Node.js Crawler Error

I'm on Mac OSX and I've been trying to use Node.js with Crawler. Now i've just installed following steps as it instructed:

  • git clone git://github.com/ry/node.git
  • cd node
  • ./configure
  • make
  • sudo make install
  • curl http://npmjs.org/install.sh | sh
  • npm install crawler

As soon as i've installed the last one (Crawler), when i test run the test/simple.js as in its sample, i'm getting following errors:

The "sys" module is now called "util". It should have a similar interface.
http://jamendo.com/
http://tedxparis.com

/crawler/node_modules/crawler/lib/crawler.js:74
                        response.body = body;
                                      ^
TypeError: Cannot set property 'body' of undefined
    at Object.callback (/crawler/node_modules/crawler/lib/crawler.js:74:39)
    at Request._callback (/crawler/node_modules/crawler/lib/crawler.js:70:43)
    at /crawler/node_modules/crawler/node_modules/request/main.js:119:22
    at Request.<anonymous> (native)
    at Request.emit (events.js:67:17)
    at Object._onTimeout (/crawler/node_modules/crawler/node_modules/request/main.js:532:12)
    at Timer.ontimeout (timers.js:84:39)

This means the Crawler doesn't work yet.
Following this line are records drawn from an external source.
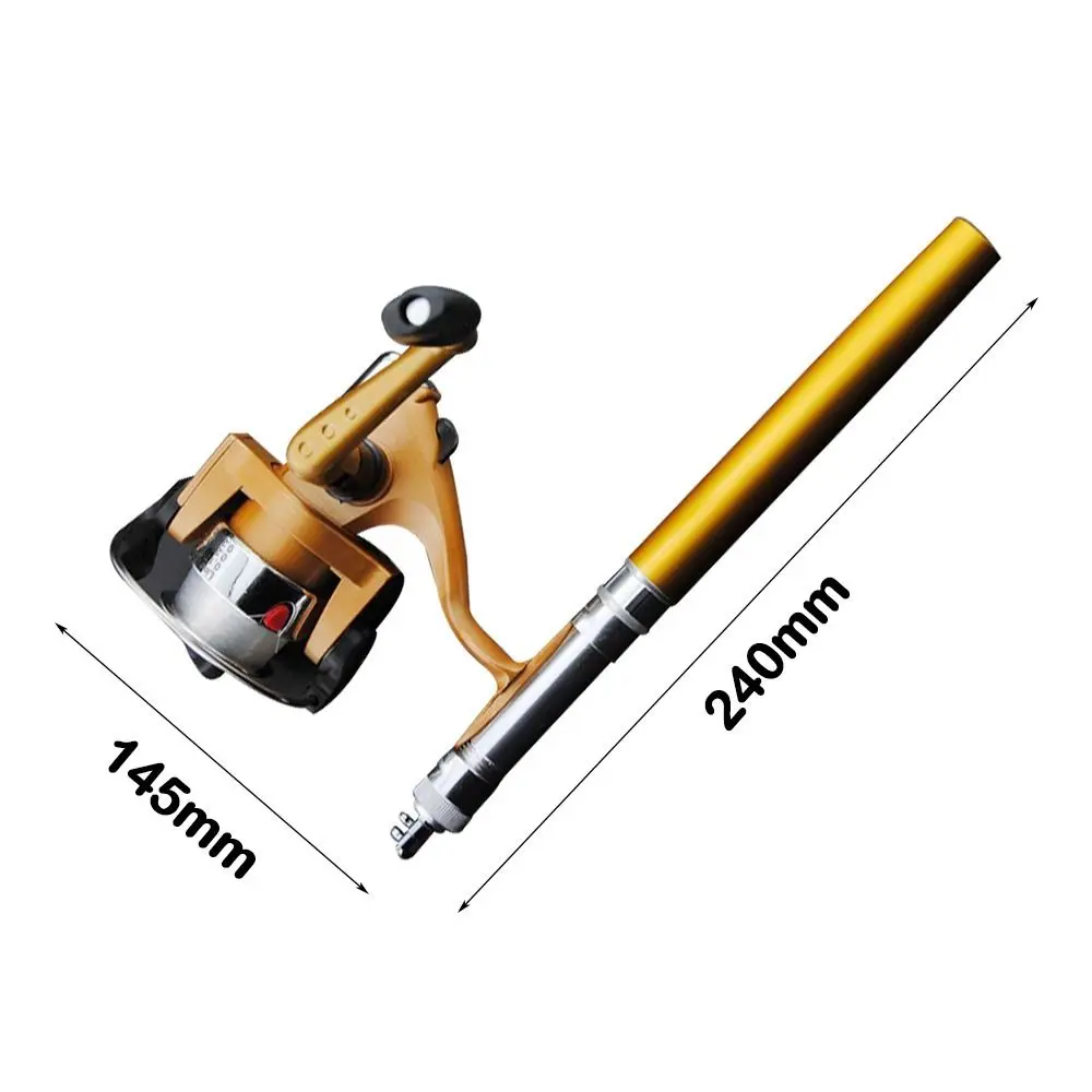 Package size: 240 * 145mm(9.45 * 5.71in) You can enjoy fishing soon with this prepared fishing reel and rod combo. Only 8.0in in collapsed length to fit in your pocket or fishing tackle. Glass steel fiber rod, solid and strong, free to fight with big game fish. You will be surprise by this mini fishing reel and rod kit.
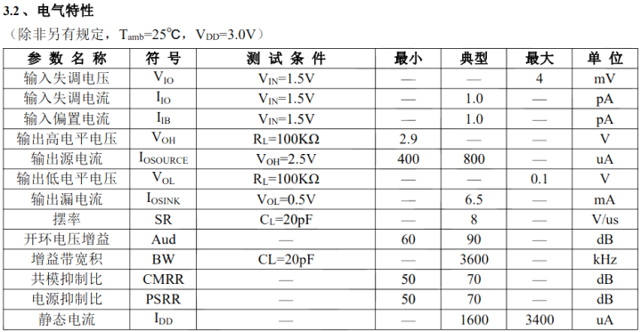 针对环境数据采集器板卡信号调理应用,这里提到中微爱芯的AIP1330,该芯片是一款高摆率、低工作电压、低输入失调电压、低功耗的CMOS双通道运放。支持最低工作电压1.8V,运放可达到满幅输出;工作温度-40~+85℃;每通800uA低工作静态电流;具有3.6MHz的增益带宽乘积、输入失调电压4mV;MSOP8/TSSOP14封装,以下是AIP1330运放的典型电气性能参数:
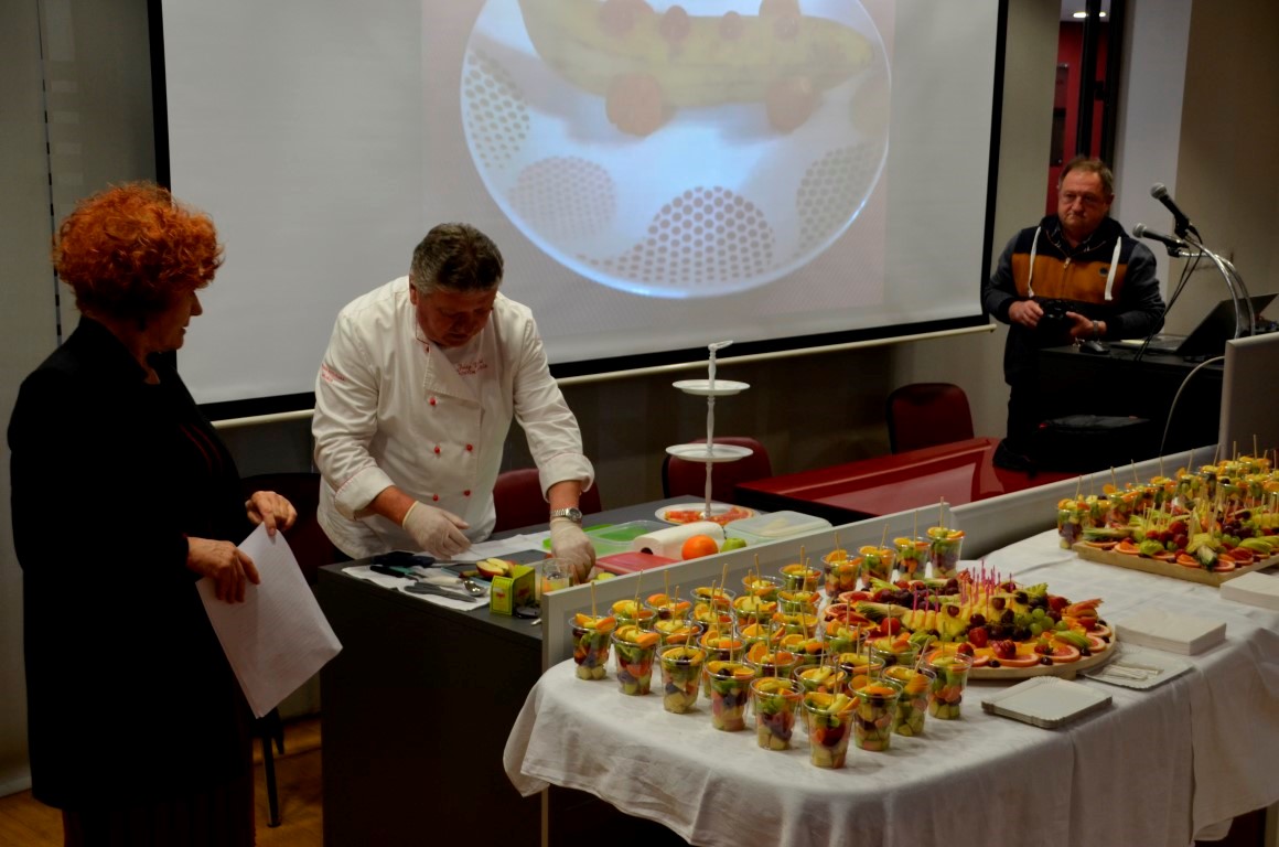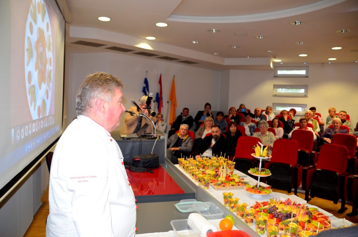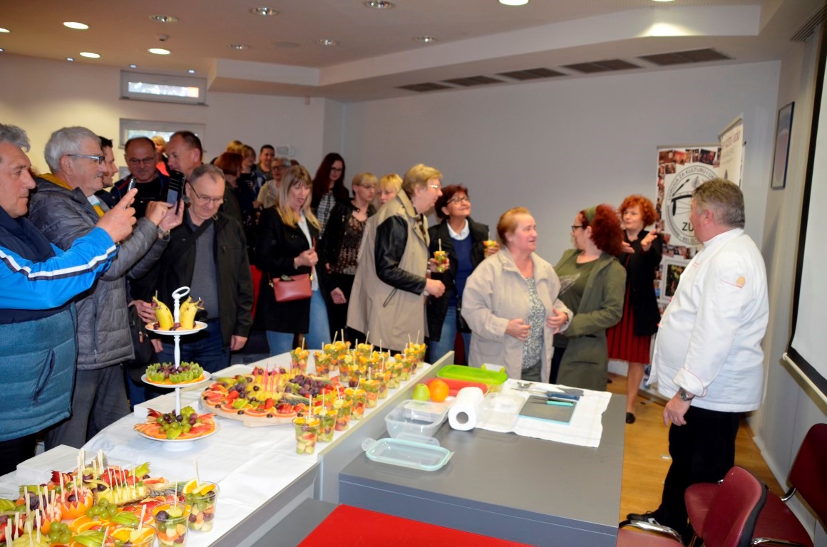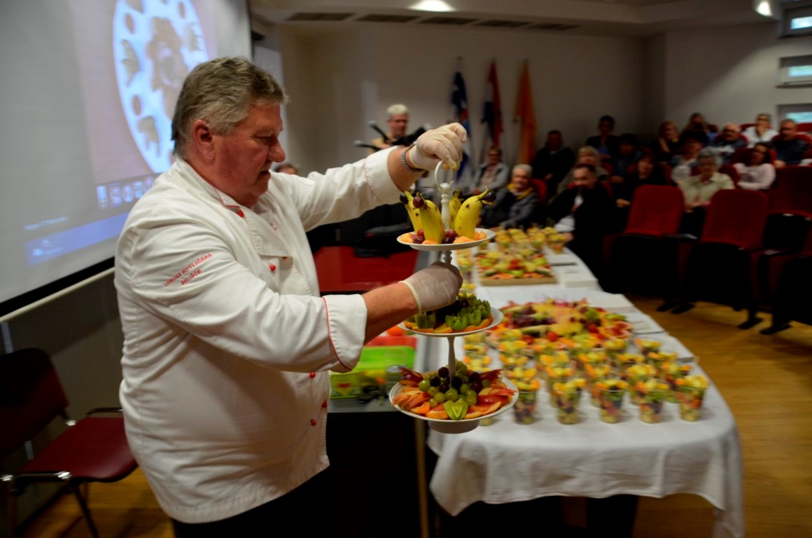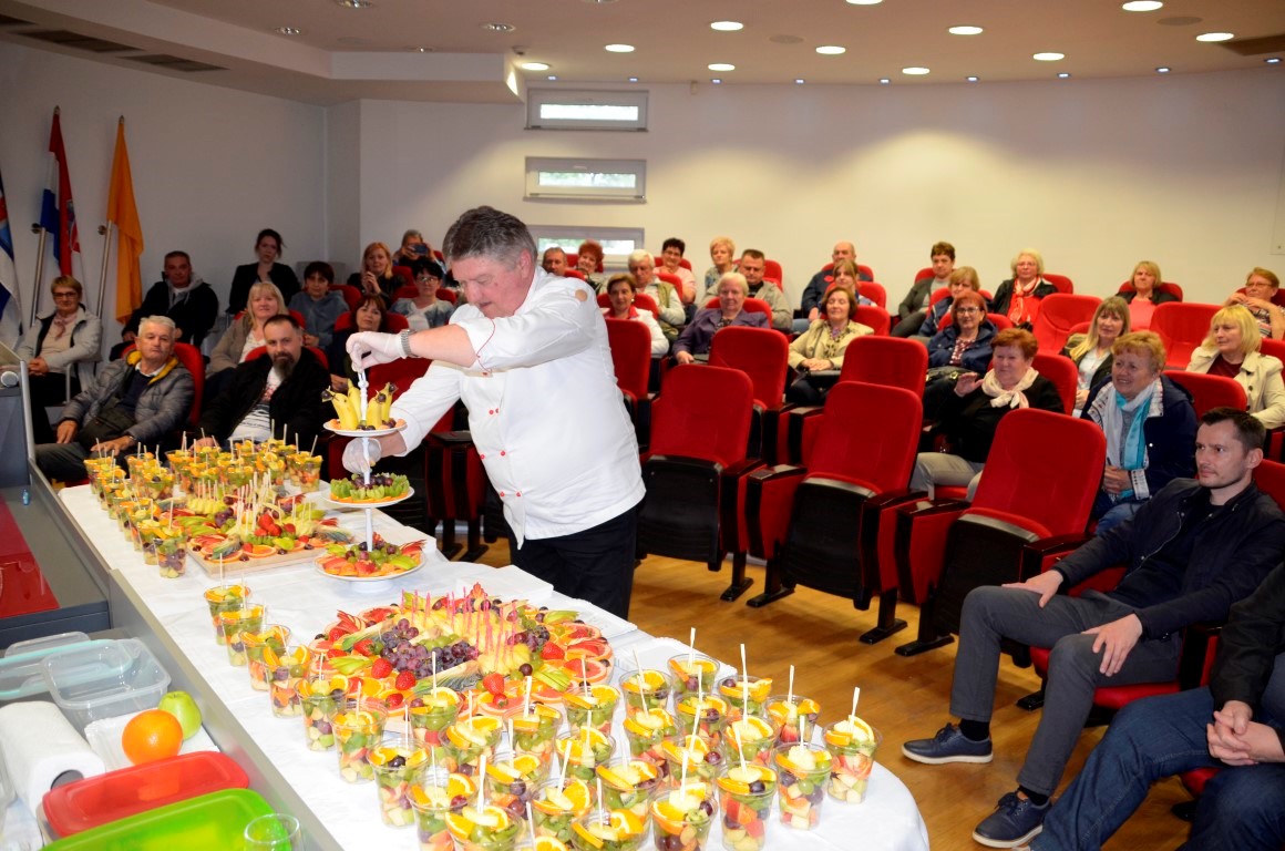 Tijekom jednosatne radionice koju je pratila projekcija već gotovih aranžmana ukrašene hrane, nastala je voćna plata, koja je bila ukusan dar posjetiteljima zajedno s već unaprijed pripremljenom prigodno serviranom voćnom salatom i ukrašenim voćnim delicijama.

How can i fix it?

You have a few options:

  • Try a newer version of Crawler
  • Use an older version of Node
  • Use a different module (recommended, as Crawler is very out of date)
  • Fix Crawler yourself (and submit your patches!, but it seems nobody is maintaining this project anymore)

If this is just a one-time error, you can wrap the whole thing in a try/catch and handle it as needed.

I made couple fixes for you, let me know your feedback. https://github.com/eugenehp/node-crawler

You may also be interested in trying my Node Crawler (https://github.com/ecdeveloper/node-web-crawler). It's not a module but an independent web app. It uses Mongo, Express, Socket.io, Twitter bootstrap.